Issue

Singapore: Fernando Zóbel: Order is Essential

Singapore: Fernando Zóbel: Order is Essential
Installation view of FERNANDO ZÓBEL’s “Order is Essential” at the National Gallery Singapore, 2025. Courtesy National Gallery Singapore.

Fernando Zóbel
Order is Essential
National Gallery Singapore

Born in the Philippines to a prominent Spanish family and raised in Manila and Madrid, Fernando Zóbel (1924–1984) became an artist, a patron of the arts, and a global emissary for modernism. “Fernando Zóbel: Order is Essential” at the National Gallery Singapore (NGS), which featured over 200 paintings, sketches, photographs, and archival items, was Singapore’s first solo exhibition of the artist’s work. Curator Patrick Flores said that Zóbel’s creations are defined by their dynamism, abstraction, and rigor—an aesthetic reflected in the show’s subtitle, “Order is Essential”—a quote from Zóbel that underscores his exacting approach to craft.

Two key works hung just inside the entrance.

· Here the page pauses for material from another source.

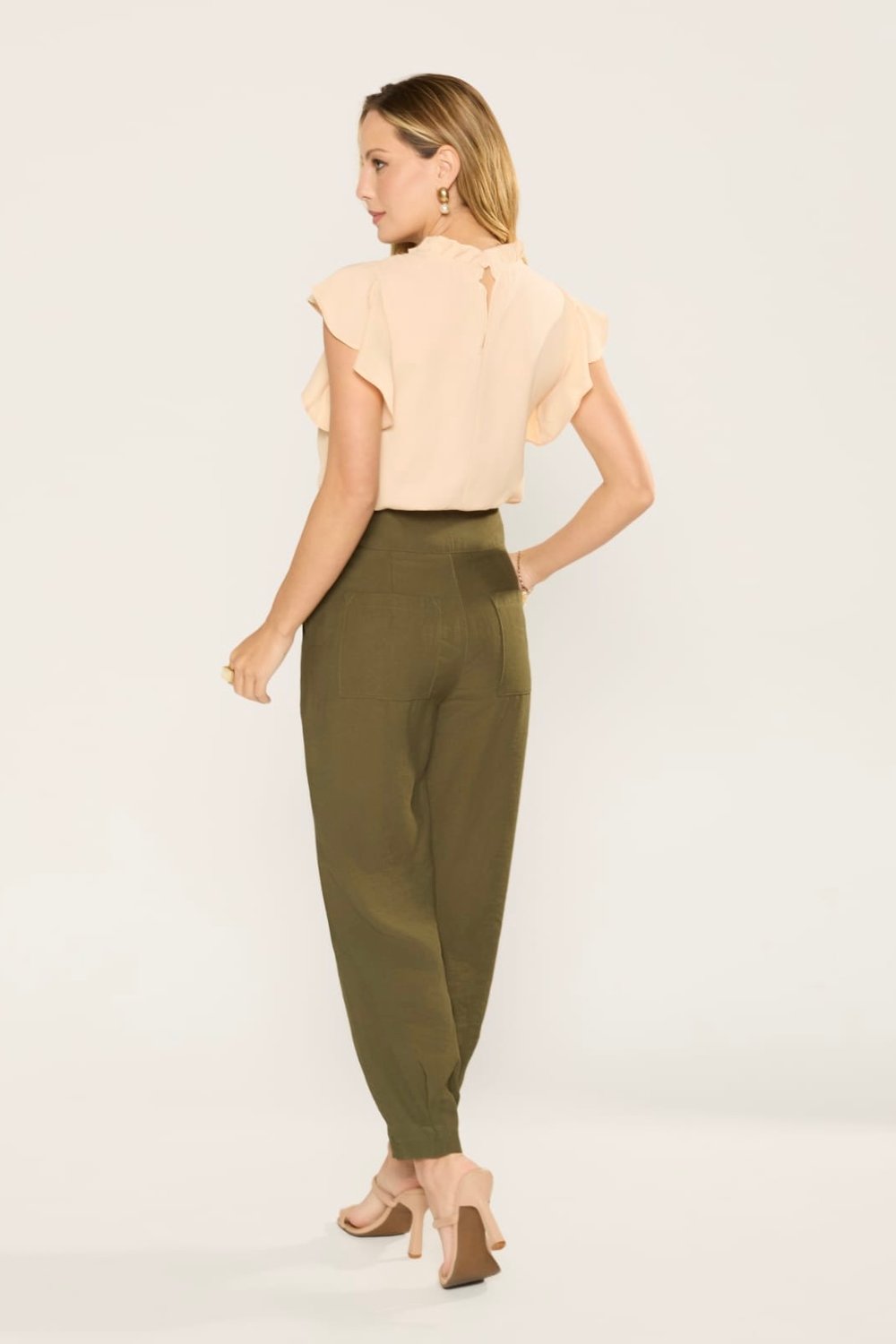 Essa calça é uma peça sofisticada e atemporal, pensada para trazer elegância e conforto ao mesmo tempo. O modelo apresenta cintura alta, que valoriza a silhueta e alonga a perna, além de possuir cós largo com fechamento frontal por botões, trazendo charme extra ao design. Possui pregas sutis na parte frontal, que criam um caimento fluido e ajudam a deixar o visual mais alinhado, sem perder o toque de leveza. O corte é reto levemente afunilado, proporcionando um ar moderno e versátil, perfeito tanto para produções casuais quanto para combinações mais formais. Além disso, a peça conta com bolsos laterais funcionais, que acrescentam praticidade ao dia a dia, sem comprometer a sofisticação do look. O tecido é leve e confortável, ideal para quem busca elegância aliada à liberdade de movimento.

Zóbel’s earliest known painting, Copy of “A Wheatfield with Cypresses” (1889) by Vincent van Gogh (1946), evinces the young painter’s early fascination with expressionism, conveyed through thick impasto that echoes the fluctuations of light and color in a landscape. Nearby was the starkly beautiful El Puente (The Bridge) (1984), Zóbel’s final painting, whose opalescent hues and hazy, shimmering effects transcend the artist’s early dalliance with representational art and mark the poignant conclusion of four decades of creative inquiry. Between these bookends sat a meticulously sketched plan for an abstract work, a reminder of the artist’s defining formal shifts and highly deliberate process.